Print each record below precisely, with every picture left out of the copy.

• _Data to examine_:
↓

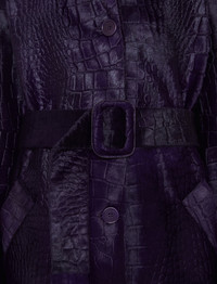 The Auger Embossed Croc Leather Coat is a regular fit trench coat, crafted from 100% leather. This statement coat exudes luxury with its embossed crocodile pattern and smooth, pony-haired texture. It's finished with a classic collar, slanted welt pockets and cuff tabs for a sharp, elegant look. Model wears size FR 38/UK 10/EU 36/US 6/DE 36/IT 42/JP 9 Details - Designed for a regular fit - Embossed crocodile pattern - Slanted welt pockets - Removable belt - Cuff tabs - Lined - Product code: jf0095181501 Care & Materials - 100% Cow leather - Do not wash - Do not bleach - Do not iron - Do not tumble - Do not dry clean - Cleaning by a leather specialist only
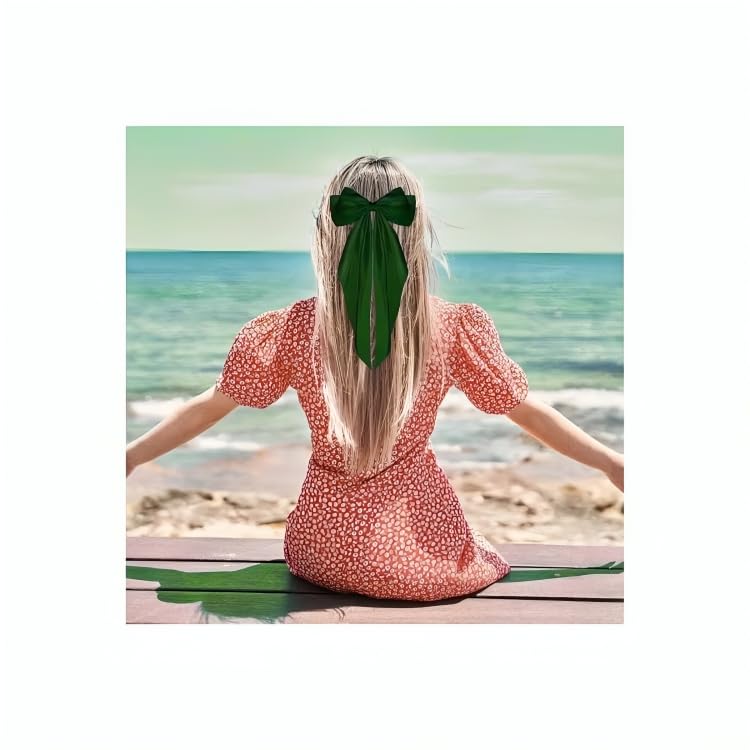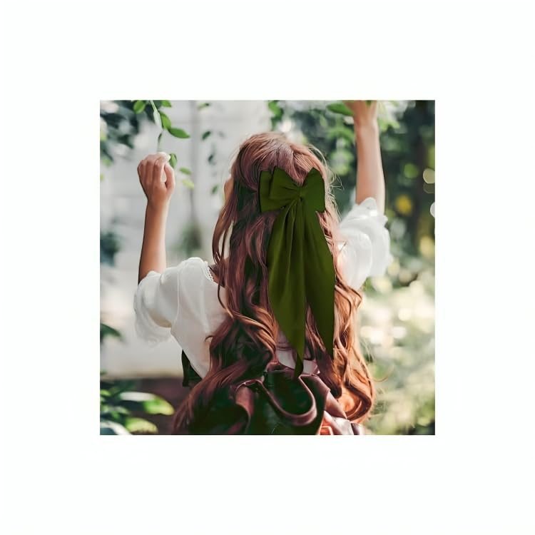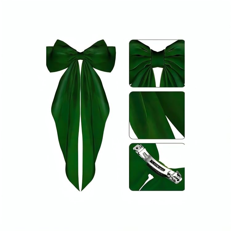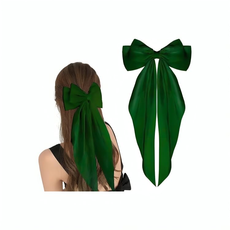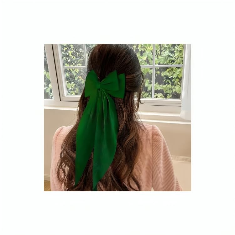 Generic - توكة مشبك فيونكة مصنوعة من الساتان باللون الاخضر
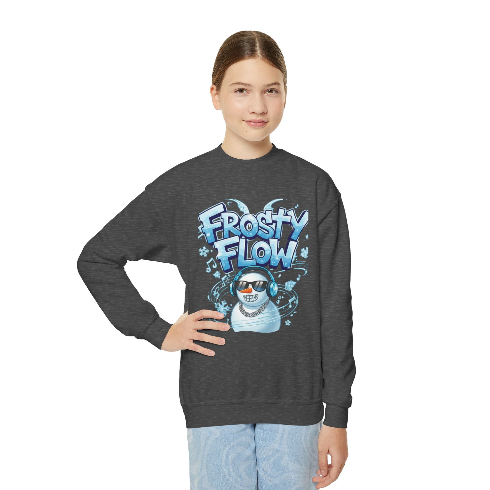 Stay cozy and stylish in this Frosty Flow Youth Sweatshirt featuring a cool snowman graphic. Perfect for the winter season, this pullover exudes a fun and playful vibe that kids will love. It's a great addition to any child's wardrobe during the holiday season.
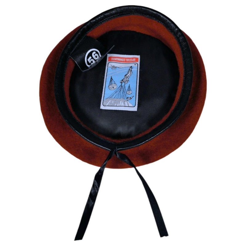 Béret commando rouge “Spécial Commando” — laine, bord cuir, porte-insigne
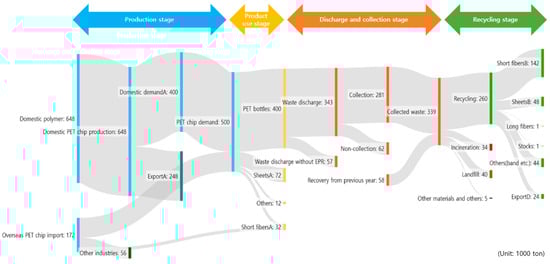 In order to identify the proper methods and treatment of PET plastics, many previous studies conducted the analyses of material flows for PET bottles. For example, Smith et al. [] conducted a material flow analysis of PET resin in the USA. Furthermore, some solutions for barriers in PET collecting, sorting, and recycling steps were suggested. Schmidt et al. [] analyzed the material flow of PET bottles in Austria, Germany, and Serbia to reveal the relation between material efficiency and environmental impacts. Eygen et al. [] analyzed the material flow of plastic packaging and proposed raising the recycling target rate to promote the recycling of resources in plastic packaging. Millette et al. [] suggested that a material flow analysis of plastic can be applied as valuable data for policy decision makers on circular economy development. However, research on the quantitative analysis of PET is insufficient in Korea due to the lack of relevant statistics and information. Furthermore, there are many challenges faced by the PET recycling industry, owing to a price drop of recycled PET resin, difficulties in sorting and recycling various designs of PET products (e.g., color, plastic composite), and politico-economic trends around the world such as China’s plastic waste import ban in 2018.
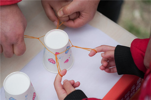 游戏区是活动的“欢乐主场”,10个特色游戏同步展开,处处洋溢着孩子们的笑声与欢声。在“欢乐套圈”摊位前,孩子们全神贯注地瞄准目标,轻轻抛出手中的圈;在“团体运球”场地里,大家在奔跑与协作中感受运动的快乐;“纸杯夹夹乐”则考验孩子们的耐心与协调性,他们小心翼翼地用夹子夹起纸杯,赢得周围阵阵欢呼。每个游戏摊位都由教师和家长志愿者组织引导,他们详细讲解规则,记录成绩,并为完成挑战的孩子盖上印章。
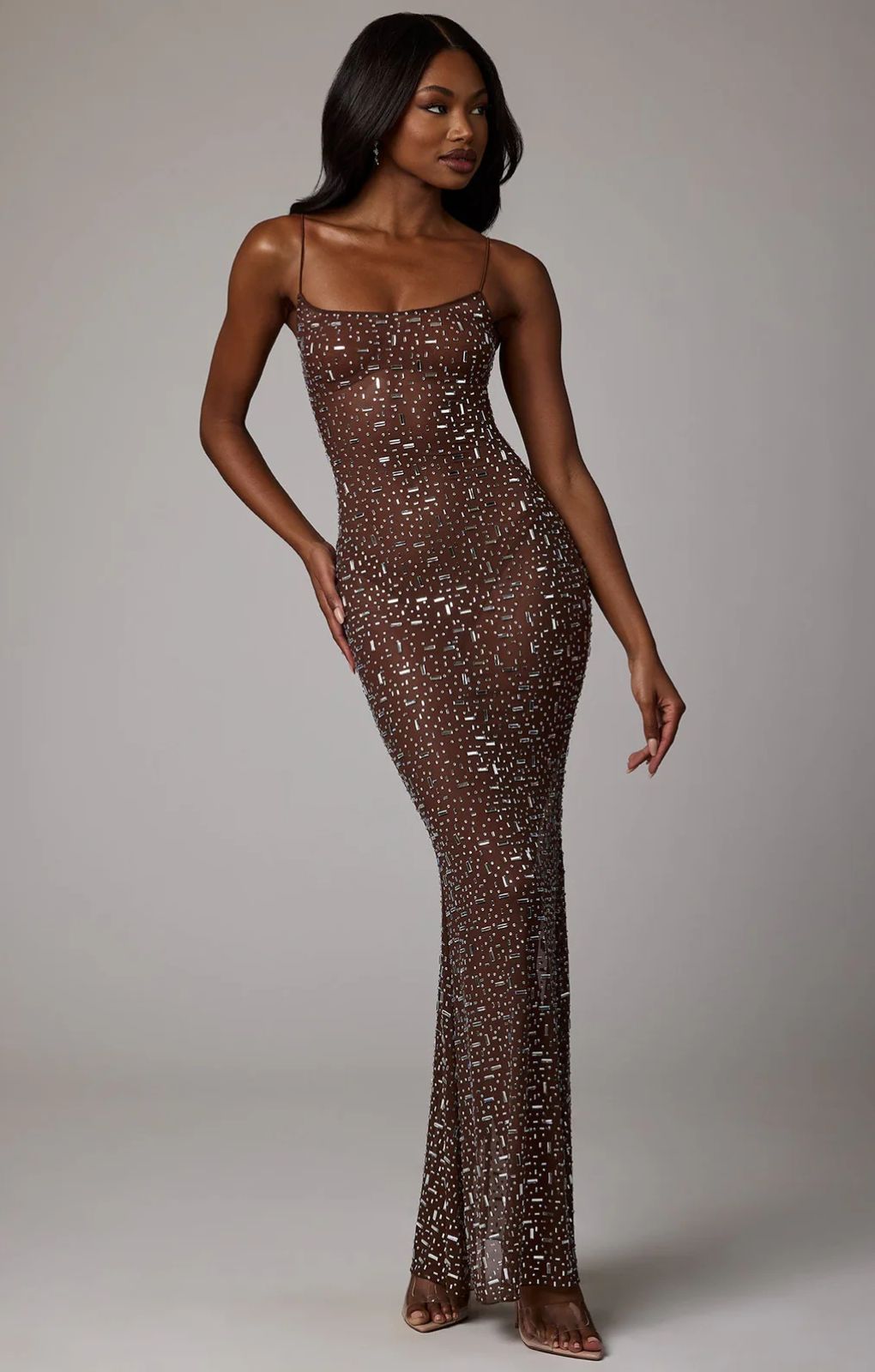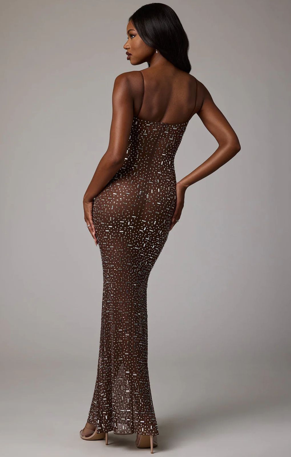 Oh Polly Antonella Sheer Embellished Scoop Neck Evening Gown in Mocha

↑

• _Solution for this task_:
 The Auger Embossed Croc Leather Coat is a regular fit trench coat, crafted from 100% leather. This statement coat exudes luxury with its embossed crocodile pattern and smooth, pony-haired texture. It's finished with a classic collar, slanted welt pockets and cuff tabs for a sharp, elegant look. Model wears size FR 38/UK 10/EU 36/US 6/DE 36/IT 42/JP 9 Details - Designed for a regular fit - Embossed crocodile pattern - Slanted welt pockets - Removable belt - Cuff tabs - Lined - Product code: jf0095181501 Care & Materials - 100% Cow leather - Do not wash - Do not bleach - Do not iron - Do not tumble - Do not dry clean - Cleaning by a leather specialist only
 Generic - توكة مشبك فيونكة مصنوعة من الساتان باللون الاخضر
 Stay cozy and stylish in this Frosty Flow Youth Sweatshirt featuring a cool snowman graphic. Perfect for the winter season, this pullover exudes a fun and playful vibe that kids will love. It's a great addition to any child's wardrobe during the holiday season.
 Béret commando rouge “Spécial Commando” — laine, bord cuir, porte-insigne
 In order to identify the proper methods and treatment of PET plastics, many previous studies conducted the analyses of material flows for PET bottles. For example, Smith et al. [] conducted a material flow analysis of PET resin in the USA. Furthermore, some solutions for barriers in PET collecting, sorting, and recycling steps were suggested. Schmidt et al. [] analyzed the material flow of PET bottles in Austria, Germany, and Serbia to reveal the relation between material efficiency and environmental impacts. Eygen et al. [] analyzed the material flow of plastic packaging and proposed raising the recycling target rate to promote the recycling of resources in plastic packaging. Millette et al. [] suggested that a material flow analysis of plastic can be applied as valuable data for policy decision makers on circular economy development. However, research on the quantitative analysis of PET is insufficient in Korea due to the lack of relevant statistics and information. Furthermore, there are many challenges faced by the PET recycling industry, owing to a price drop of recycled PET resin, difficulties in sorting and recycling various designs of PET products (e.g., color, plastic composite), and politico-economic trends around the world such as China’s plastic waste import ban in 2018.
 游戏区是活动的“欢乐主场”,10个特色游戏同步展开,处处洋溢着孩子们的笑声与欢声。在“欢乐套圈”摊位前,孩子们全神贯注地瞄准目标,轻轻抛出手中的圈;在“团体运球”场地里,大家在奔跑与协作中感受运动的快乐;“纸杯夹夹乐”则考验孩子们的耐心与协调性,他们小心翼翼地用夹子夹起纸杯,赢得周围阵阵欢呼。每个游戏摊位都由教师和家长志愿者组织引导,他们详细讲解规则,记录成绩,并为完成挑战的孩子盖上印章。
 Oh Polly Antonella Sheer Embellished Scoop Neck Evening Gown in Mocha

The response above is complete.